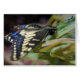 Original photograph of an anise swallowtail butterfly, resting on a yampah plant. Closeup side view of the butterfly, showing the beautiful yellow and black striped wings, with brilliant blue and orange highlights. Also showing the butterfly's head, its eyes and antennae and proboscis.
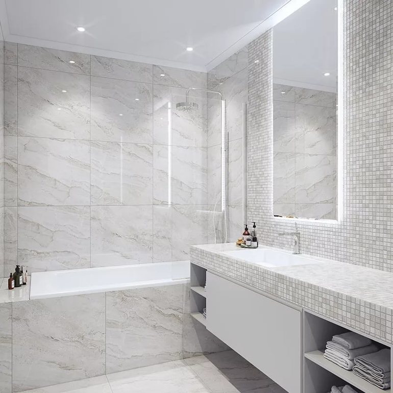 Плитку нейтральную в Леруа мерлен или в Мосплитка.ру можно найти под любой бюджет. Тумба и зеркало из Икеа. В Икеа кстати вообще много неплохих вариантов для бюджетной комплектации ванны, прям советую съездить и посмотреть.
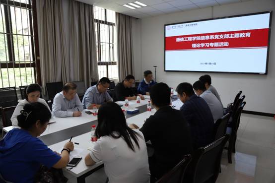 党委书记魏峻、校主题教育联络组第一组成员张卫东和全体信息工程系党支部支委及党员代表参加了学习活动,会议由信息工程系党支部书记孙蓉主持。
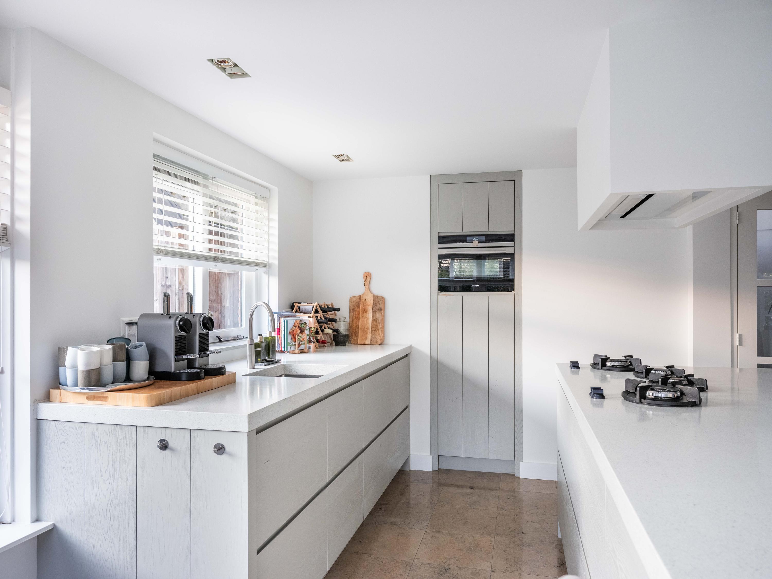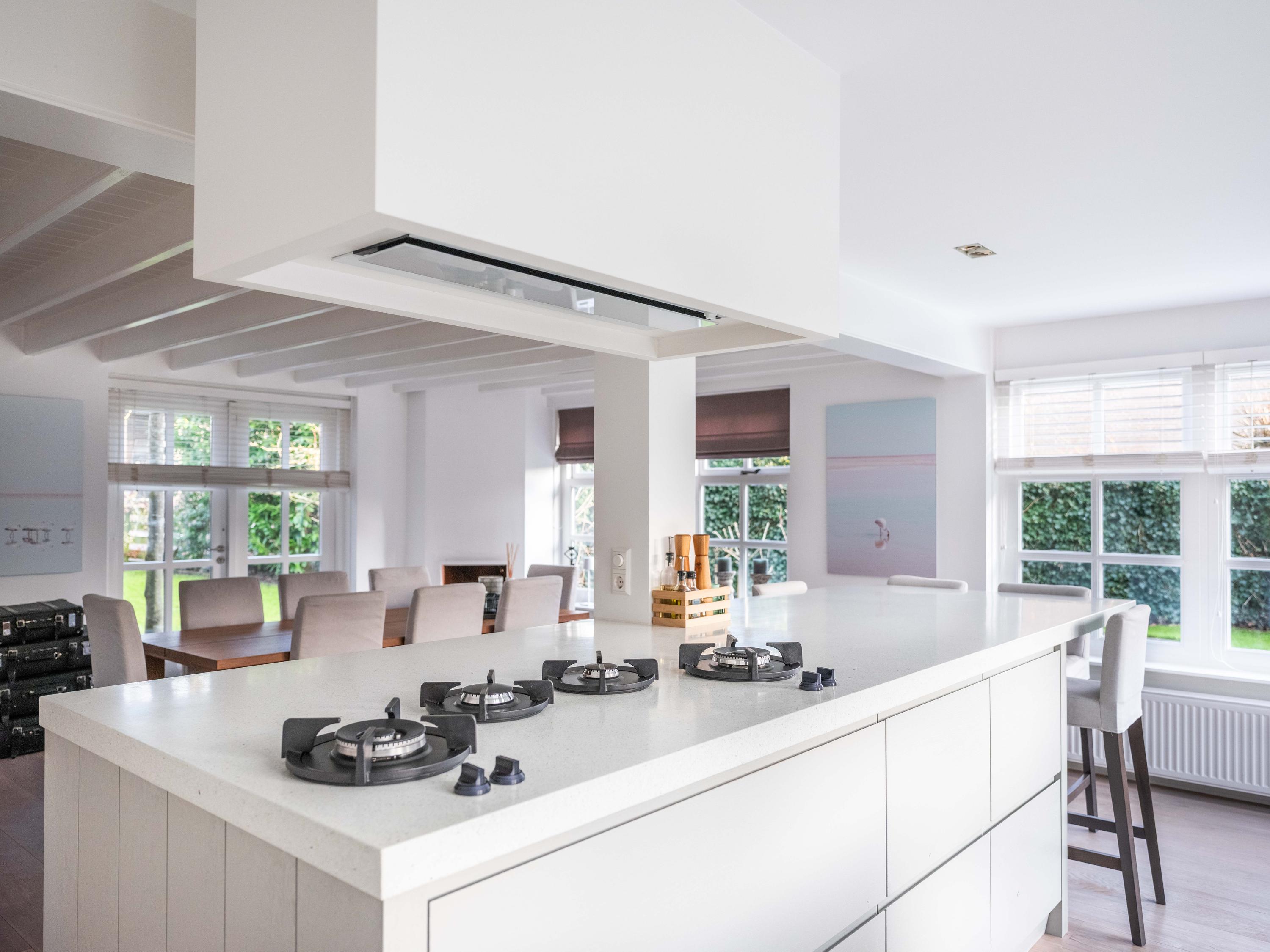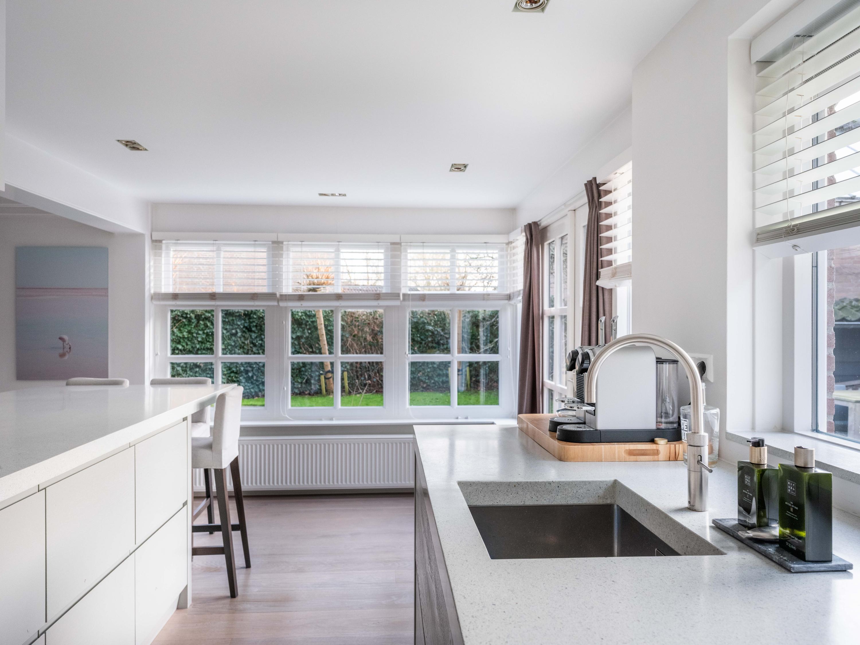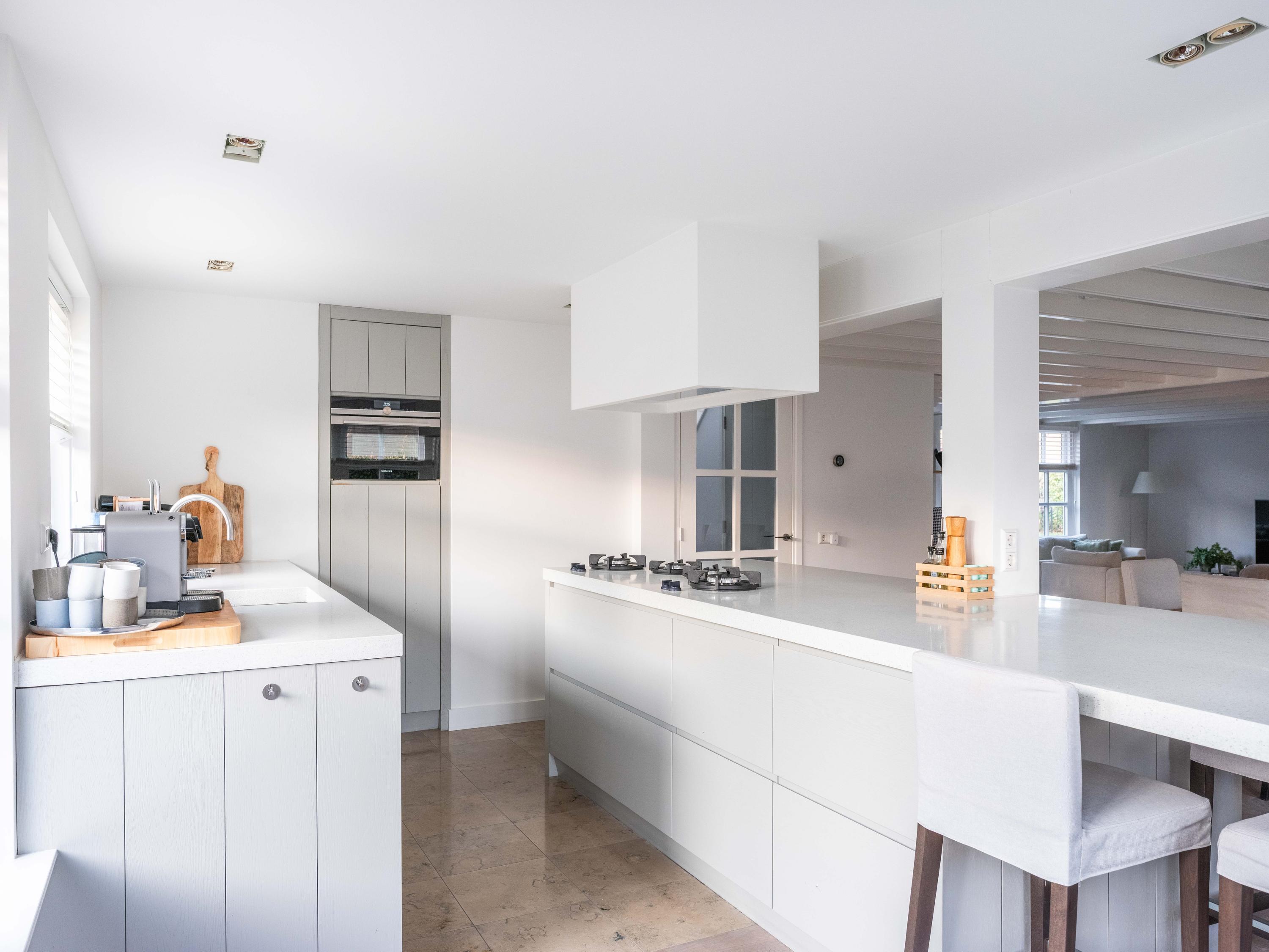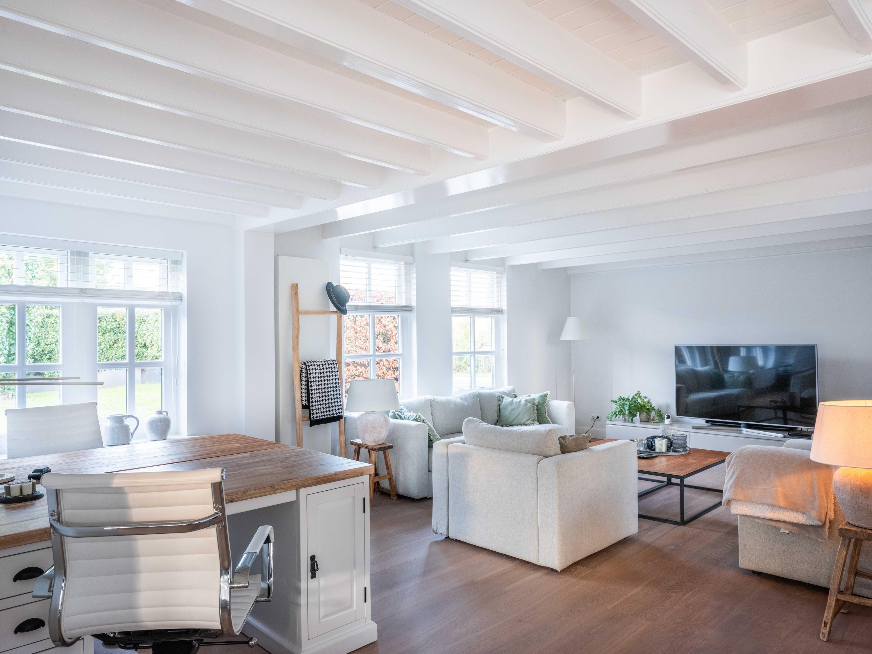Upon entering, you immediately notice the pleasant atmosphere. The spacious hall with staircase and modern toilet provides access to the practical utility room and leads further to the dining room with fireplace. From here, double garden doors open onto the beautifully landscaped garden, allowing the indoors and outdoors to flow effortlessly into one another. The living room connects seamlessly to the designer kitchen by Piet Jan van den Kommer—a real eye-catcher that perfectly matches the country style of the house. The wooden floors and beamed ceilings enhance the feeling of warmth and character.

========================

Transcribe exactly the lines above, running from the one that contains "Плитку нейтральную в" through the final line of the listing, and skip every picture.

▸ EXERCISE SOLUTION
 Плитку нейтральную в Леруа мерлен или в Мосплитка.ру можно найти под любой бюджет. Тумба и зеркало из Икеа. В Икеа кстати вообще много неплохих вариантов для бюджетной комплектации ванны, прям советую съездить и посмотреть.
 党委书记魏峻、校主题教育联络组第一组成员张卫东和全体信息工程系党支部支委及党员代表参加了学习活动,会议由信息工程系党支部书记孙蓉主持。
Upon entering, you immediately notice the pleasant atmosphere. The spacious hall with staircase and modern toilet provides access to the practical utility room and leads further to the dining room with fireplace. From here, double garden doors open onto the beautifully landscaped garden, allowing the indoors and outdoors to flow effortlessly into one another. The living room connects seamlessly to the designer kitchen by Piet Jan van den Kommer—a real eye-catcher that perfectly matches the country style of the house. The wooden floors and beamed ceilings enhance the feeling of warmth and character.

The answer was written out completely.